As taxpayers and citizens, we must insist that our government protects veterans and honors their service by safeguarding the very system meant to care for them. Congress should take steps to stop these harms to the VA, starting with ensuring that Big Insurance companies do not receive full MA annual payments for their veteran enrollees who get their care at the VA. It’s time to end the privatization experiment in VA health care and return to the vision of a well-funded, publicly accountable system that values health over profits.
This double dipping is outrageous and must stop.

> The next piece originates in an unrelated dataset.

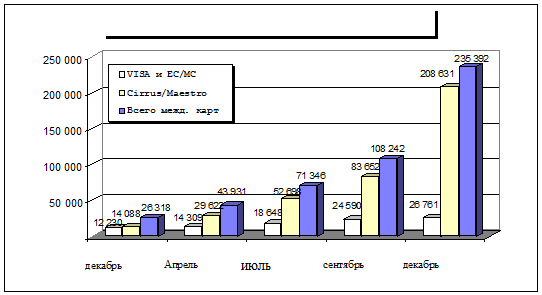 Рис. 2.5 Рост числа международных карт в 2003 году

I see this as a huge disaster for the country and our Veterans. It is asinine to think that all Government services will do better under privatized ownership. Corporate correctional facilities have been a disaster in terms of management of prisoner's basic civil rights and lack of health care. And yet, we can expect more contracts going to these facilities who have done a lousy job with undocumented foreigners, particularly illegal migrants and those migrants who are seeking asylum due to political problems and safety problems in their home countries. The insular Ultra-Nationalism is turning to policies that are somewhat similar to Nazi Germany, and that is an intrinsic threat to our Nation's democratic values and the Rule of Law. It is bad enough that our Members of Congress still push privatizing the post office and health care when we citizens are finding that services promised become null and void as for-profit businesses want to pay exorbitant and obscene compensation to the top managerial class as they exploit their own staff and hourly workers. It is disgraceful and un-American!